21 stars 12 forks source link

Portability & Project Structure #19

Closed dfornika closed 4 years ago

dfornika commented 5 years ago

I'd like to propose a few changes that may help with #7 .

mezewudo commented 5 years ago

Awesome effort @dfornika

I am still looking through the changes, I must confess this looks way much tidier. Did you by chance do any debugging to see that the whole of these changes performed as expected.

Also, the snpEff tool might pose some little challenge when porting to/from anaconda, as it is we need to build in a customized M. tuberculosis H37Rv database to the tool, else if we run as default it will not properly analyse MTBC data, as the database does not have the specific H37RV reference. Wondering what the walk around will be, maybe create the customized snpEff and find a way to point to it in anaconda, what will you think?

dfornika commented 5 years ago

Hi @mezewudo, thanks for taking the time to review. I haven't been able to do thorough testing yet. I had considered using the dataset described in the nextstrain tb tutorial. If you could recommend another public dataset that might be useful for testing, that would be helpful.

If there is a public dataset for the customized M. tuberculosis H37Rv available that can be downloaded using command-line tools like wget or curl, then it may be possible to include the database-building step as part of the build process. Otherwise, maybe a helper script could be produced that the user could run after installation that would download and build the snpEff database.

mezewudo commented 5 years ago

Dan, I will try and put up a couple of MTBC input fastq files to a public repository and share the link with you, so you could use for testing.

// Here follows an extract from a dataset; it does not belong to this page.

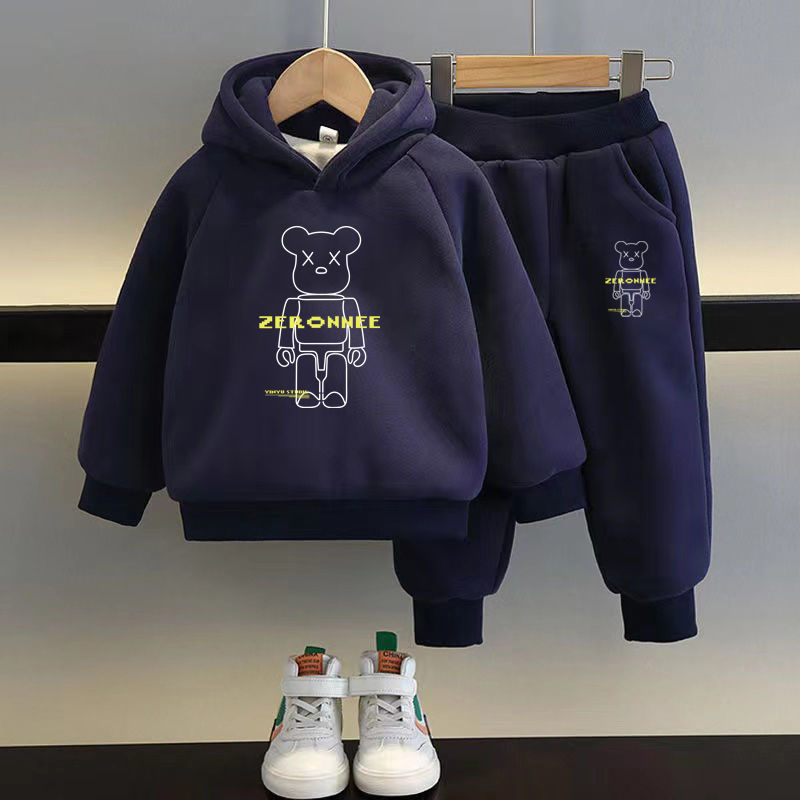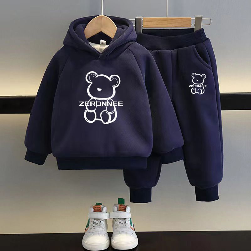 • 트렌디 베어 네이비 블루 스웨트셔츠 + 팬츠 플러스 벨벳
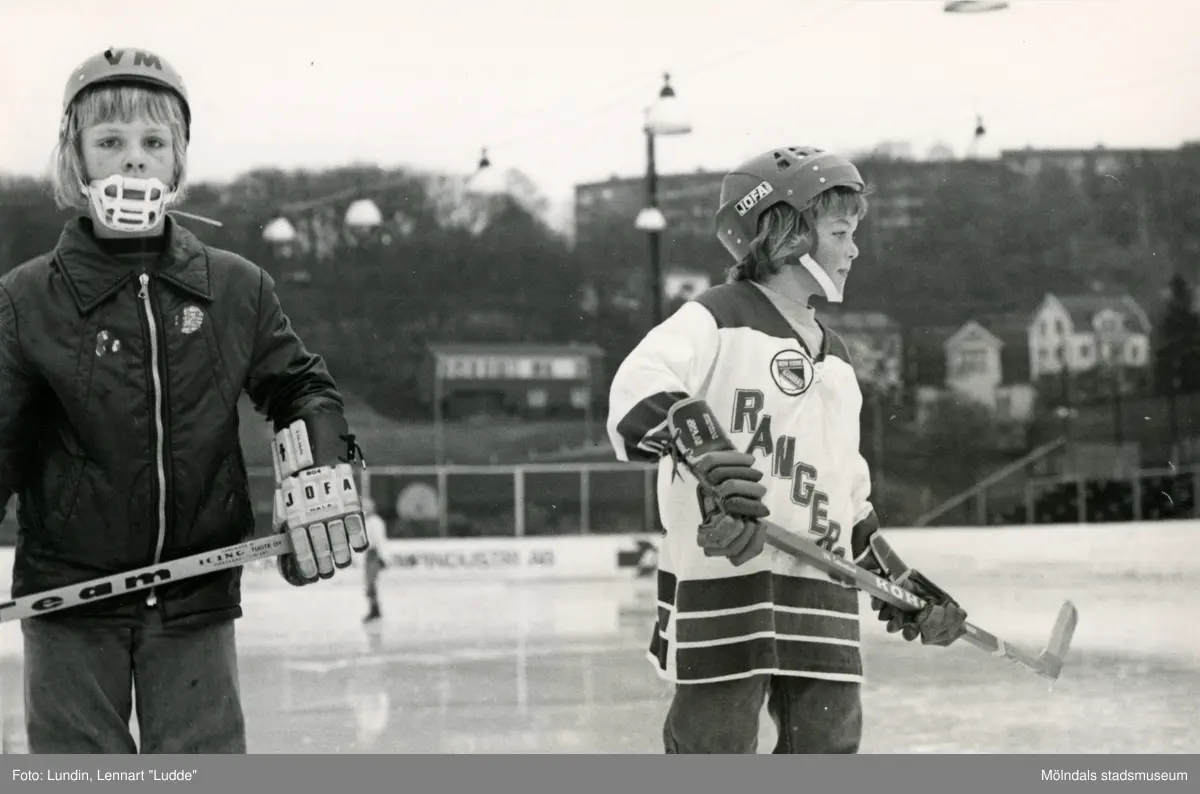 Två unga ishockeyspelare på ishockeyskolan. Fotografiet är taget vid Mölndals konstisbana vid Ågatan i Trädgården, Mölndal, ca 1970-1976.

I think the second suggestion on the snpEff database might be more feasible, but I will look through their manual to see which approach might be easier.

On Fri, Mar 22, 2019 at 8:14 AM Dan Fornika notifications@github.com wrote:

Hi @mezewudo https://github.com/mezewudo, thanks for taking the time to review. I haven't been able to do thorough testing yet. I had considered using the dataset described in the nextstrain tb tutorial https://nextstrain.org/docs/getting-started/tb-tutorial#download-data. If you could recommend another public dataset that might be useful for testing, that would be helpful.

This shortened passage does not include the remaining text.